La vida entre una maleta

«Un mochilero de corazón, al que no reconocen por su mochila ni sus botas ni la carpa».

Chizuru 

Entre sus bolsillos unos cuantos pesos, unas botas para calzar en todo terreno, una carpa donde resguardarse en las noches, una navaja que resolverá cualquier inconveniente, la cápsula del tiempo, una cámara y, por supuesto, la mochila. Allí empacará su vida un viajero inquieto por conocer el mundo, comprimirá los mejores momentos en su recuerdo y será especialmente selectivo en atesorar lo más valioso de su experiencia. Los muros y tecnologías son innecesarias y despojándose de todo aquello que parece indispensable para los sedentarios, sale a la carretera, levanta el dedo pulgar y en señal de aprobación espera el transporte a su destino: el mundo.
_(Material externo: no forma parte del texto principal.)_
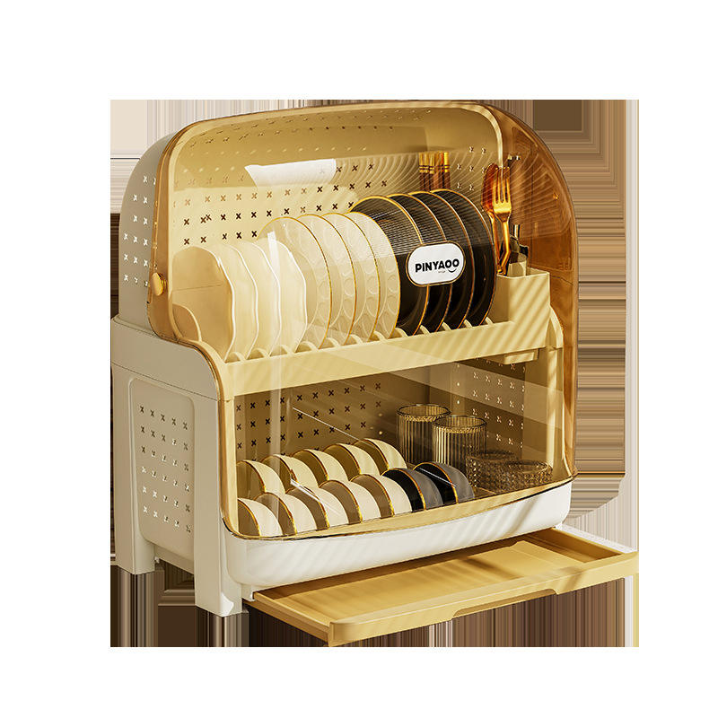 Pinyaoo Dish Drainer Rack Large Capacity Flip Top Countertop Storage With Drawer For Kitchen Tableware

Un mochilero por excelencia lleva sobre él las herramientas necesarias, si no lo lleva puesto o va colgando de su cuerpo tal vez no sea útil, pues el mundo es su despensa y los locales sus guías. Muchos viajan solos, algunos de ellos van acompañados de sus amigos, familiares o parejas, alguien con quien compartir las experiencias y las vistas que seguramente con maletas de rodachines y entre hoteles de lujo jamás podrán divisar. Nada más que una mochila y el acompañante para ver el mundo desde otra perspectiva.

Pero tal vez ni los viajeros de clase alta, ni los mochileros podrán vivir la experiencia de recorrer el mundo dentro de un guacal. Un mochilero de corazón, al que no reconocen por su mochila ni sus botas ni la carpa. Nada de eso es necesario para el peludo de cuatro patas. Viaja con elegancia y con más lujos que sus mismos dueños o, mejor dicho, compañeros de viaje, una pareja de mochileros latinos. El mundo para este felino es más que una caja de arena, un rascador y una cama. Conoce Sudamérica, desde su «casita», el guacal que cargan sus dueños al hombro y al que jamás le cierran la puerta.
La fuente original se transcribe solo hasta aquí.